In the long title de uerb. obl. (XLV. 1) the first hand of the Florentine Ms. has put a new rubric rò В Toû de uerborum obligationibus after 1 47, and a similar one г after 1 122, thus dividing the title into three unequal portions. It is noticeable that the first section thus terminates with the extracts from the books on Sabinus; the second begins with the books on the Edict which were taken by the Sabinian Committee, proceeds with the Edictal series and with Papinian's Quaestiones and Responsa, and ends with a long extract from Scaevola's Digest: the third section has the rest of the Papinian series. This looks as if the division in the Florentine Ms. witnessed to some minor distribution of work among the committees.

CHAPTER V.

COMPARISON OF EXTRACTS WITH THEIR ORIGINALS.
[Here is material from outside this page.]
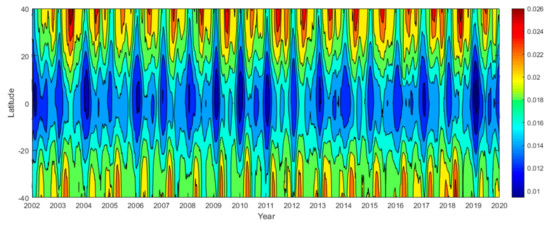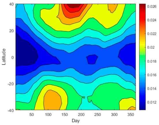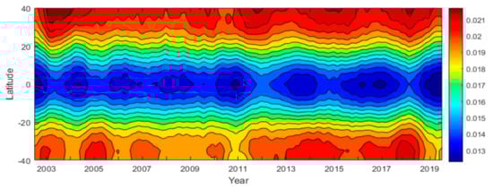 Figure 4 shows the 18-year average atomic oxygen volume mixing ratio as a function of latitude and date at 96 km. The atomic oxygen volume mixing ratio showed an upward trend in its overall structure with the increase in latitude. There were two maximum values near days 140 and 310, and two minimum values near days 50 and 230.

IF Justinian's Commissioners had adopted a different course and compiled each title as a systematic account of the subject-matter, using such materials as they found, but welding them into a new mass, regardless of preserving the words or identity of the authors,

they would have produced what would at first sight have been better for practical purposes and more worthy of the idea of a scientific digest of the law. But we should have been much worse off. We should have had the law as conceived by Byzantine lawyers in the sixth century instead of numerous, often large, extracts mutilated and disarranged, but still preserving much of the practical results and of the characteristic form of the writings of the most brilliant period of Roman Jurisprudence. So far as they used the writings of the old lawyers the work might yet have been valuable, as we can see from Justinian's Institutes, but the historical interest would have largely suffered. If the compilers had been at liberty to compile as they pleased and give no authorities, we should have had much less of the old lawyers than we have, thanks to Tribonian's direction to preserve the names of the authors and to the compilers' method of giving the extracts (at least usually) in the order in which they extracted them. But the question still remains, how far have these extracts been altered by the Commissioners? Justinian gave large powers of correction, and was so stringent in forbidding any comparison of the result with the originals, that we might be sure a priori that these large powers were used. A comparison of Justinian's Institutes with Gaius (as made in Gneist's Syntagma) is not good evidence on this point, because the procedure there was not strictly analogous to that in the case of the Digest. The Institutes were to be a new work, and only a general acknowledgment was made to Gaius and others. The Digest was to be a consolidation of the old lawyers' writings, corrected and compressed. It is well therefore to compare1 the passages of the old lawyers which have been independently preserved to us, with the form which they have assumed in the Digest under the manipulation of Justinian's Commissioners. The comparison is not reassuring. Amendment of the law, decision of controversies, omission of repetitions and of obsolete matters were the duty of the Commissioners, and could not but largely alter the shape of the material. It is clear from this comparison that they have often largely altered it. Though much of the writing of the old jurists is left us in the Digest, and some passages coincide precisely with the words otherwise preserved to us, it is yet somewhat hazardous to say of any fragment, where we have not

1 Something of this kind has been done, not very satisfactorily, by Istrich, Quomodo versati sint compilatores Dig. &c. 1863. I have taken one reference from it.